Alexander Solla alex.solla at gmail.com
Sat May 28 01:16:12 CEST 2011

On Fri, May 27, 2011 at 3:11 PM, Eric Rasmussen <ericrasmussen at gmail.com>wrote:

> Stephen, thanks for the link! The paper was an interesting read and
> definitely gave me some ideas.
> Tillmann -- you are correct in that it's very similar to a database.
> I frequently go through this process:
> 1) Receive a flat file (various formats) of tabular data
> 2) Create a model of the data and a parser for the file
> 3) Code utilities that allow business users to
> filter/query/accumulate/compare the files
> The models are always changing, so one option would be to inspect a
> user-supplied definition, build a SQLite database to match, and use Haskell
> to feed in the data and run queries. However, I'm usually dealing with files
> that can easily be loaded into memory, and generally they aren't accessed
> with enough frequency to justify persisting them in a separate format.

"Worth it" in what terms?  You're either going to have to encode the
relationships yourself, or else automate the process.

> It's actually worked fine in the past to code a custom data type with
> record syntax (or sometimes just tuples) and simply build a list of them,
> but the challenge in taking this to a higher level is reading in a
> user-supplied definition, perhaps translated as 'the first column should be
> indexed by the string "Purchase amount" and contains a Double', and then
> performing calculations on those doubles based on further user input. I'm
> trying to get over bad object-oriented habits of assigning attributes at
> runtime and inspecting types to determine which functions can be applied to
> which data, and I'm not sure what concepts of functional programming better
> address these requirements.
My intuition is to use some kind of initial algebra to create a list-like
structure /for each record/  For example, with GADTs:.

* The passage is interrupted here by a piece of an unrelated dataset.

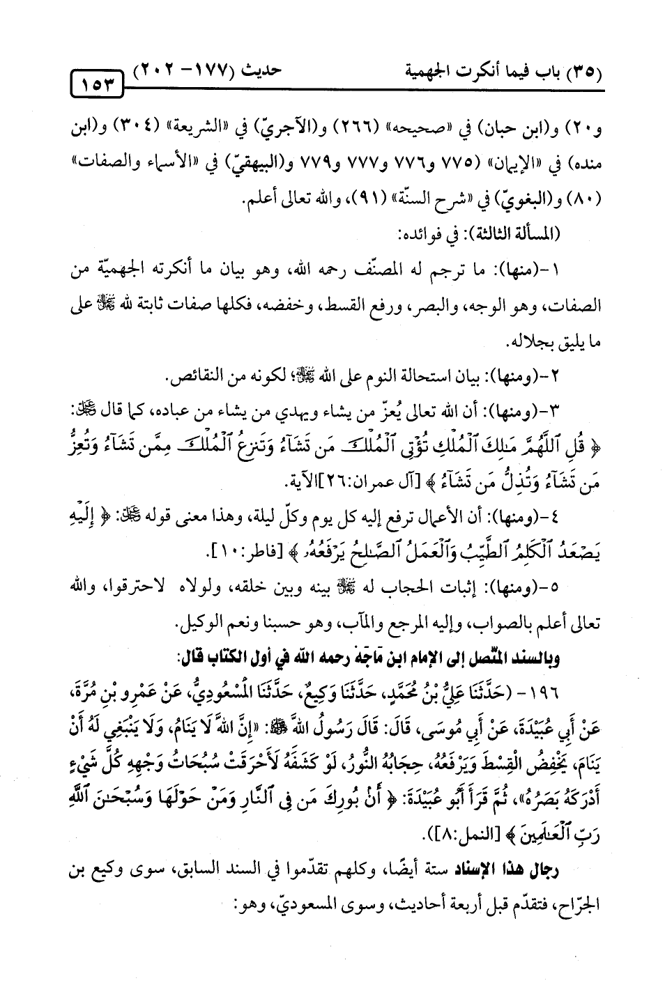 196 - (حَدَّثَنَا عِليُّ بْنُ مُحَمدٍ، حَدَّثَنَا وَكِيع، حدثنا المسْعُودِيُ، عَنْ عَمرِو بْنِ مُرَّةَ، عَنْ أَبِي عُبَيْدة، عَنْ أَبِي مُوسَى، قَالَ: قَالَ رَسُولُ الله - سبحانه وتعالى-: "إِنَّ الله لَا يَنَامُ، وَلَا يَنْبَغِي لَهُ أَنْ يَنَامَ، يَخْفِضُ الْقِسْطَ وَيَرفَعُهُ، حِجَابُهُ النُّورُ، لَوْ كَشَفهُ لَأَحْرَقَتْ سُبُحَاتُ وَجْهِهِ كُلَّ شَيْءٍ أَدرَكَهُ بَصَرُهِ"، ثُمَّ قَرَأَ أبو عُبَيْدة {أَنْ بُورِكَ مَنْ في النَّارِ وَمَنْ حَوْلَهَا وَسُبْحَانَ اللَّهِ رَبِّ الْعَالَمِينَ} [النمل: 8]).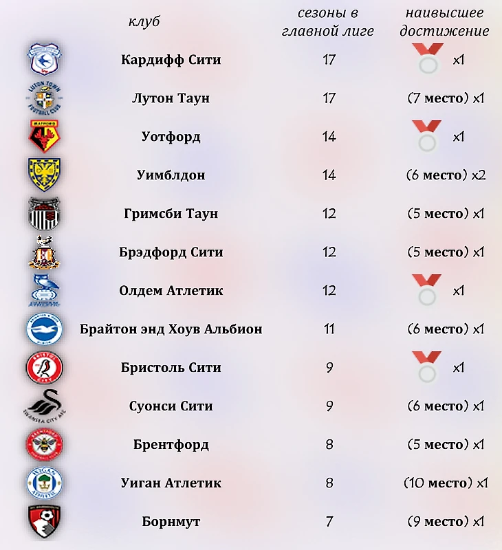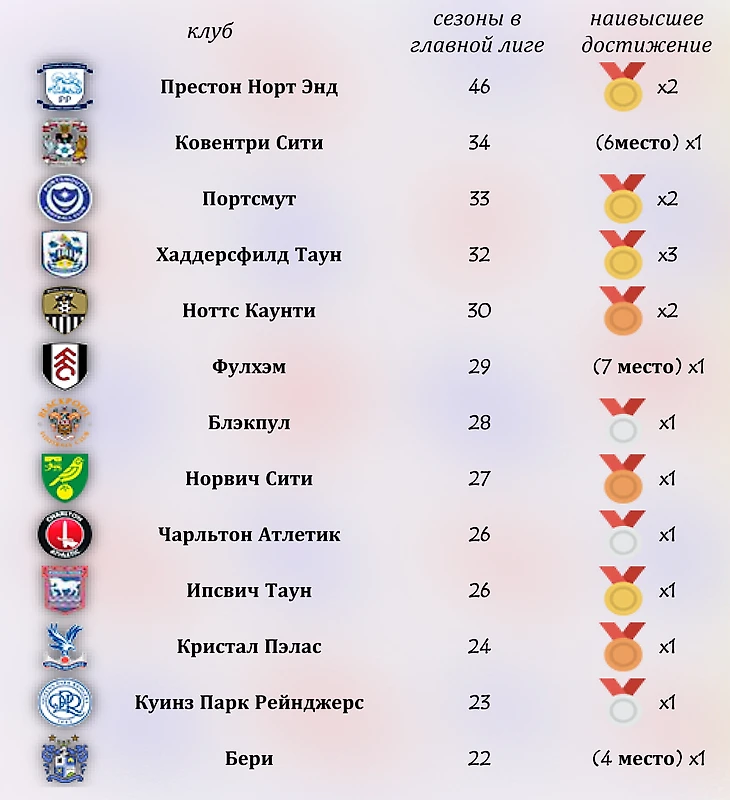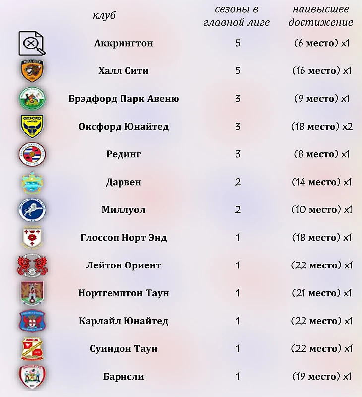Просто перечислить названия было бы как-то суховато, да и по какому критерию их сортировать тоже не вполне ясно, поэтому я решил добавить количество сезонов проведенных в высшем дивизионе в сумме (по ним и расположил, а там где количество сезонов совпадает, сначала идет тот, кто раньше дебютировал) и наивысшее достижение каждого в отдельности aka регалии. Для наглядности все в картинках ниже. Ах, еще неловкий моментик с лого клуба «Аккрингтон», что просуществовал лишь двадцать лет. Его мне найти не удалось, а лепить герб города не захотелось. Поэтому как есть.

data Field a = Field { name  :: String }
data Value a = Value { value :: a }

> Presumably, your data definition will parse
> into:
data RecordScheme where
     NoFields :: RecordScheme
     AddField :: Field a -> RecordScheme -> RecordScheme

> And then, given a record scheme, you can
> construct a Table running the appropriate
> queries for the scheme and Populating its
> Records.

data Record where
     EndOfRecord :: Record
     Populate    :: Value a -> Record -> Record

type Table = [Record]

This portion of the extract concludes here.